HOW TO COMPLETE THIS TASK
Each word in the data below should be copied exactly; the images should not.

DATA SHOWN

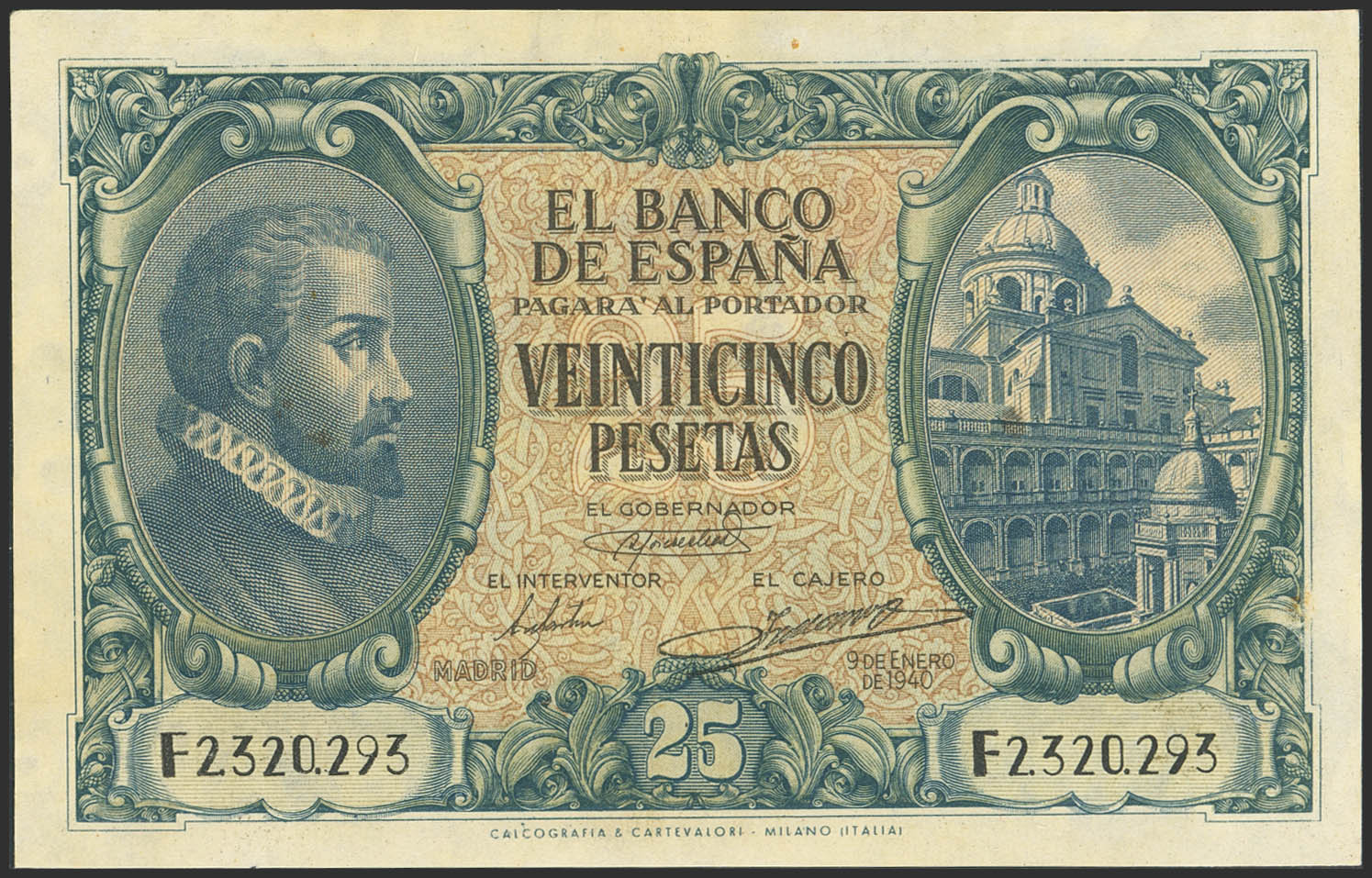 25 Pesetas. 9 de Enero de 1940. Serie F, última serie emitida. (Edifil 2023: 436b). Conserva gran parte de su apresto original. EBC+.
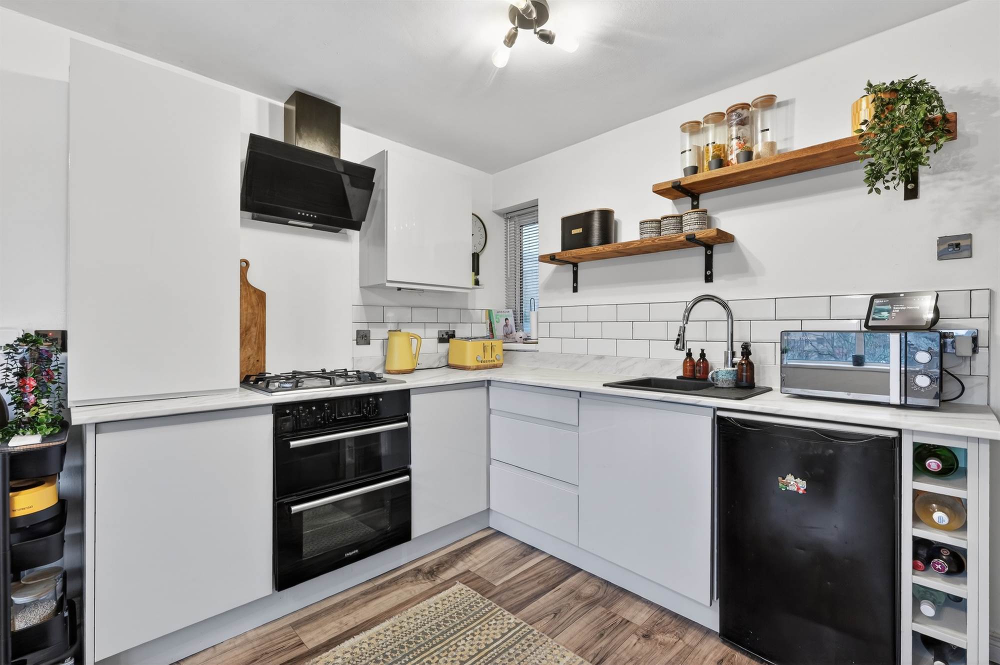At widest points, into bay. High gloss kitchen with range of high and low level units, work surfaces, black sink, integrated wine rack, gas boiler, integrated Beko 4 ring gas hob, integrated Hotpoint oven, extractor fan over, glazed splashback,part tiled walls, laminate wood effect floor, bay window.
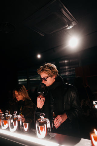 We lit the first wick of Artistic Palace and the room changed—studio wood, late-night cables, that focused heat only musicians know. Then lights down: an exclusive preview of THE MUSIC PLACE and the original track “CONTROL.” Artists, editors, stylists, and friends crossed disciplines—fashion beside film, sound beside scent—until the studio felt like a runway. It was intimate, electric, and unmistakably Lola James Harper.
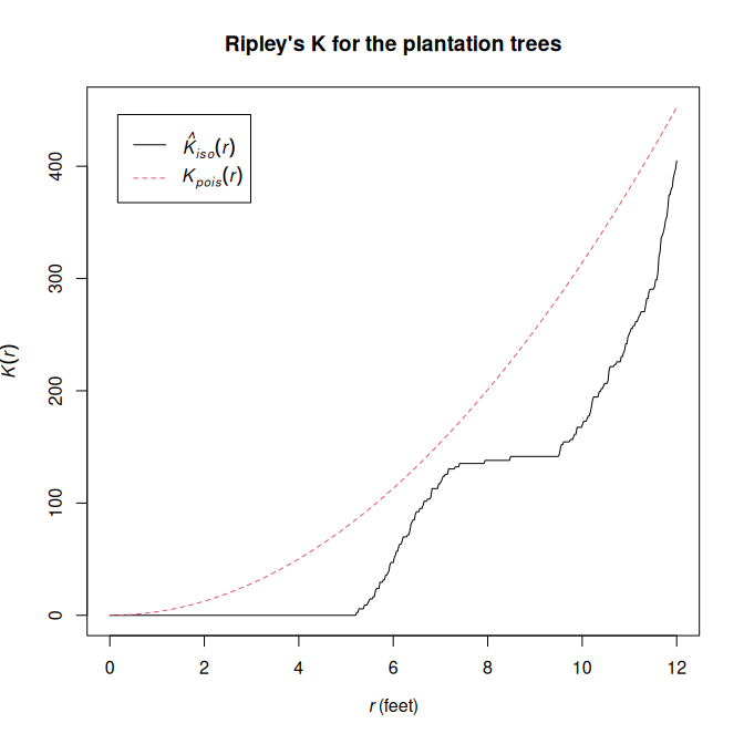 K <- spatstat.explore::Kest(X, rmax = 12, correction = "isotropic")
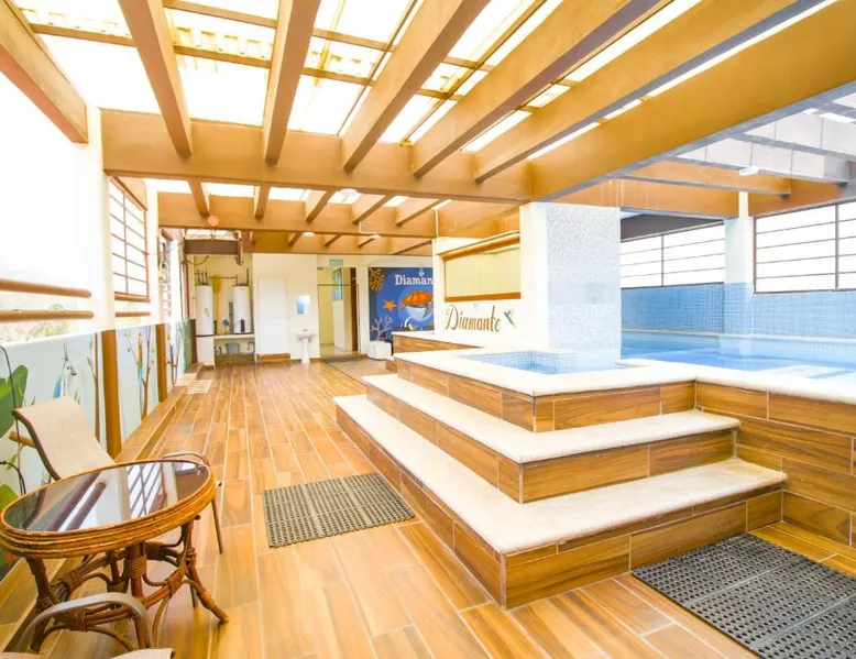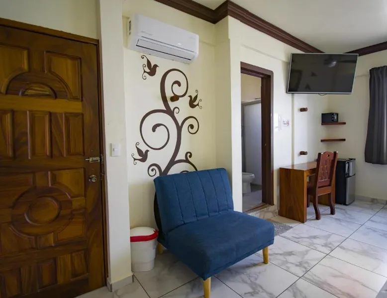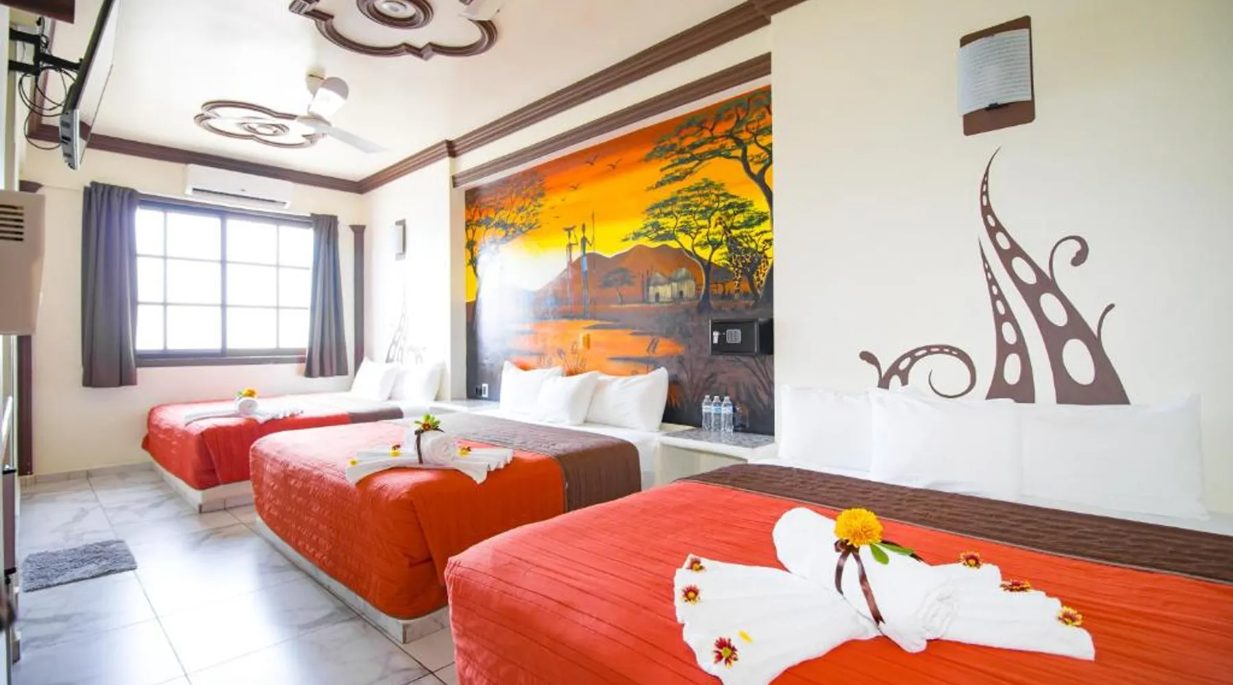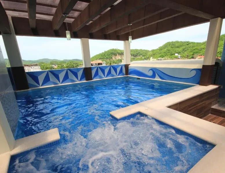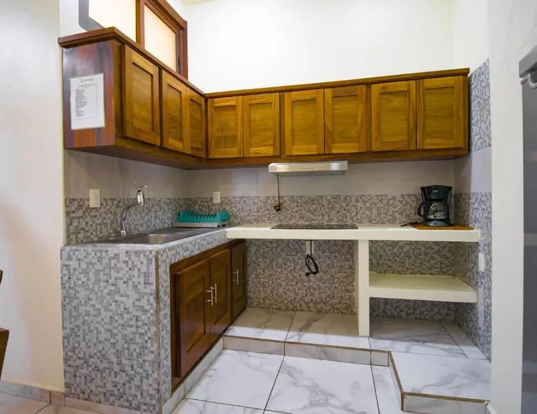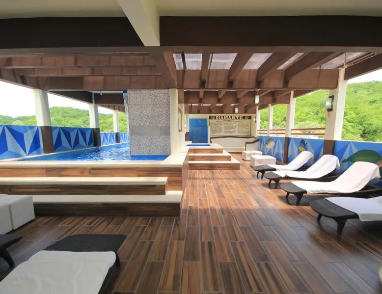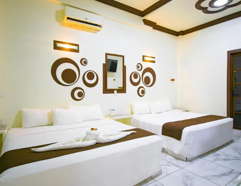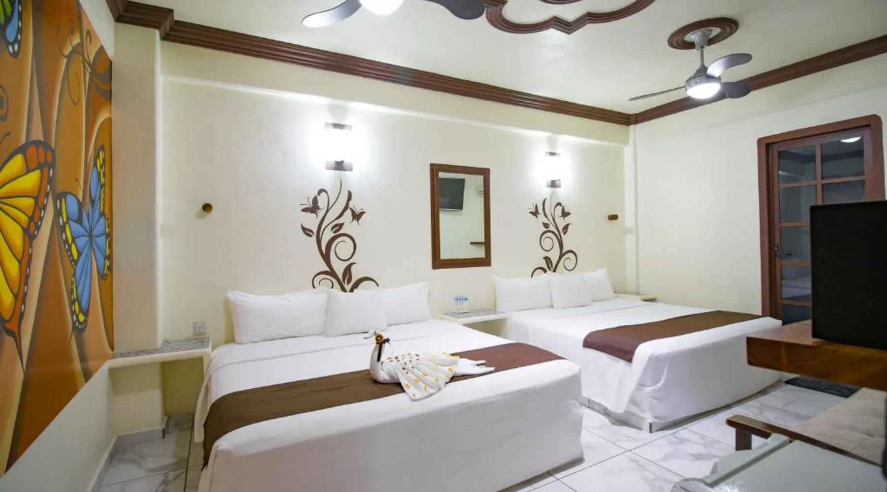 Comfortable Accommodations: Hotel Diamante in Bahías de Huatulco offers family rooms with air-conditioning, private bathrooms, and free WiFi. Each room includes a refrigerator, TV, and free toiletries. Exceptional Facilities: Guests can enjoy a rooftop swimming pool, hot tub, and public bath. Additional amenities include a 24-hour front desk, housekeeping service, room service, bike hire, tour desk, and luggage storage. Prime Location: Located 8.1 mi from Huatulco International Airport, the hotel is near Santa Cruz Beach (1.2 mi), Downtown Huatulco/Crucecita (2-minute walk), and Huatulco National Park (4.3 mi). Free on-site private parking is available. Guest Satisfaction: Highly rated for room cleanliness, Hotel Diamante ensures a pleasant stay for all visitors. Boasting 2 bedrooms and 1 bathroom, this spacious suite has a well-fitted kitchen and a dining area. The suite's kitchen, which has a refrigerator and kitchenware, is available for cooking and storing food. The suite offers air conditioning, a tea and coffee maker, a safe deposit box, a sofa and a flat-screen TV with cable channels. The unit offers 6 beds.
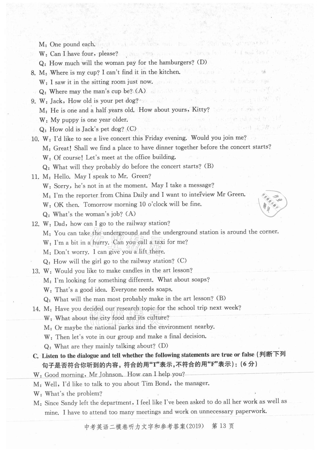 注:目前有些书本章节名称可能整理的还不是很完善,但都是按照顺序排列的,请同学们按照顺序仔细查找。练习册 2021年走向成功上海市各区中考考前质量抽查试卷精编英语合订本 答案主要是用来给同学们做完题方便对答案用的,请勿直接抄袭。

TASK ANSWER
 25 Pesetas. 9 de Enero de 1940. Serie F, última serie emitida. (Edifil 2023: 436b). Conserva gran parte de su apresto original. EBC+.
At widest points, into bay. High gloss kitchen with range of high and low level units, work surfaces, black sink, integrated wine rack, gas boiler, integrated Beko 4 ring gas hob, integrated Hotpoint oven, extractor fan over, glazed splashback,part tiled walls, laminate wood effect floor, bay window.
 We lit the first wick of Artistic Palace and the room changed—studio wood, late-night cables, that focused heat only musicians know. Then lights down: an exclusive preview of THE MUSIC PLACE and the original track “CONTROL.” Artists, editors, stylists, and friends crossed disciplines—fashion beside film, sound beside scent—until the studio felt like a runway. It was intimate, electric, and unmistakably Lola James Harper.
 K <- spatstat.explore::Kest(X, rmax = 12, correction = "isotropic")
 Comfortable Accommodations: Hotel Diamante in Bahías de Huatulco offers family rooms with air-conditioning, private bathrooms, and free WiFi. Each room includes a refrigerator, TV, and free toiletries. Exceptional Facilities: Guests can enjoy a rooftop swimming pool, hot tub, and public bath. Additional amenities include a 24-hour front desk, housekeeping service, room service, bike hire, tour desk, and luggage storage. Prime Location: Located 8.1 mi from Huatulco International Airport, the hotel is near Santa Cruz Beach (1.2 mi), Downtown Huatulco/Crucecita (2-minute walk), and Huatulco National Park (4.3 mi). Free on-site private parking is available. Guest Satisfaction: Highly rated for room cleanliness, Hotel Diamante ensures a pleasant stay for all visitors. Boasting 2 bedrooms and 1 bathroom, this spacious suite has a well-fitted kitchen and a dining area. The suite's kitchen, which has a refrigerator and kitchenware, is available for cooking and storing food. The suite offers air conditioning, a tea and coffee maker, a safe deposit box, a sofa and a flat-screen TV with cable channels. The unit offers 6 beds.
 注:目前有些书本章节名称可能整理的还不是很完善,但都是按照顺序排列的,请同学们按照顺序仔细查找。练习册 2021年走向成功上海市各区中考考前质量抽查试卷精编英语合订本 答案主要是用来给同学们做完题方便对答案用的,请勿直接抄袭。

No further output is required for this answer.